:: Dataset excerpts

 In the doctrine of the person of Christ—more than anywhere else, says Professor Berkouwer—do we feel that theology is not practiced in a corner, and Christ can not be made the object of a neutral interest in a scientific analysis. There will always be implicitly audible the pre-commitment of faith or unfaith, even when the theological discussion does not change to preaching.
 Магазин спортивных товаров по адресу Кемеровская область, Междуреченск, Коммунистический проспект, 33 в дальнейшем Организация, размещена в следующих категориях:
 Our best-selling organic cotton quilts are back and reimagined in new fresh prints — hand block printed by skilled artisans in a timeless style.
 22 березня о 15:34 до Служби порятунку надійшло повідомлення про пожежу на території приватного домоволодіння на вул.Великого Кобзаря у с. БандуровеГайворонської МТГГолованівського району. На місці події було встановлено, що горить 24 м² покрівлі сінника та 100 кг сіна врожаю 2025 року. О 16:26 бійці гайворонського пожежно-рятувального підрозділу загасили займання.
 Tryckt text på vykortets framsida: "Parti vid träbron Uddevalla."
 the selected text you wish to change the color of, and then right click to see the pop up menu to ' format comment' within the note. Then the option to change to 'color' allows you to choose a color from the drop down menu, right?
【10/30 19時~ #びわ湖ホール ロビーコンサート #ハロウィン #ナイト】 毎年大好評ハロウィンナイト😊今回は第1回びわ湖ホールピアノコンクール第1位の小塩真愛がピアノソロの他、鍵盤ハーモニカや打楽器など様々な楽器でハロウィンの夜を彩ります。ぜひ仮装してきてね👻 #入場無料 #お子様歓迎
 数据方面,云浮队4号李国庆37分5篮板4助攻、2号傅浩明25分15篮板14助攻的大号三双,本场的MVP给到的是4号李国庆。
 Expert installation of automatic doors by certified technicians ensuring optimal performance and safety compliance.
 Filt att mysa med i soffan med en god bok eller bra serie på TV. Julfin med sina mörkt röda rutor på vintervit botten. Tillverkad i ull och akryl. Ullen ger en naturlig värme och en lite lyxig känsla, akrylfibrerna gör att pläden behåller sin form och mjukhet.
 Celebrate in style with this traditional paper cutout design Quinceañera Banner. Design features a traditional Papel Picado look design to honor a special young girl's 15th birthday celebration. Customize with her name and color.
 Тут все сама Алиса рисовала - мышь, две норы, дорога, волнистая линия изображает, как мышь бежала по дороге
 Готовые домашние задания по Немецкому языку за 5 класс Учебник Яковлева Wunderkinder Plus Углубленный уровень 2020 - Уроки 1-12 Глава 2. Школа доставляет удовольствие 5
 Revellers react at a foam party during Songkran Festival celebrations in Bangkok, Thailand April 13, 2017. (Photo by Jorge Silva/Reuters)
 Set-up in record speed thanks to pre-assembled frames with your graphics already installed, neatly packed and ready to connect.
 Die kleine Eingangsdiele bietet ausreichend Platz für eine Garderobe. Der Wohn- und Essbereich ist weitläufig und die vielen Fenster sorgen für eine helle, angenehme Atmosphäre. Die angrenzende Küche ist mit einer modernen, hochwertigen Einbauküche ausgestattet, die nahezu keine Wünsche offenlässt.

::::

- **What the exercise asks**: From the records above, transcribe exactly the run of lines that opens with the line holding "22 березня о" and closes with the line holding "Tryckt text på", both included.

- **Solution to this task**:
 22 березня о 15:34 до Служби порятунку надійшло повідомлення про пожежу на території приватного домоволодіння на вул.Великого Кобзаря у с. БандуровеГайворонської МТГГолованівського району. На місці події було встановлено, що горить 24 м² покрівлі сінника та 100 кг сіна врожаю 2025 року. О 16:26 бійці гайворонського пожежно-рятувального підрозділу загасили займання.
 Tryckt text på vykortets framsida: "Parti vid träbron Uddevalla."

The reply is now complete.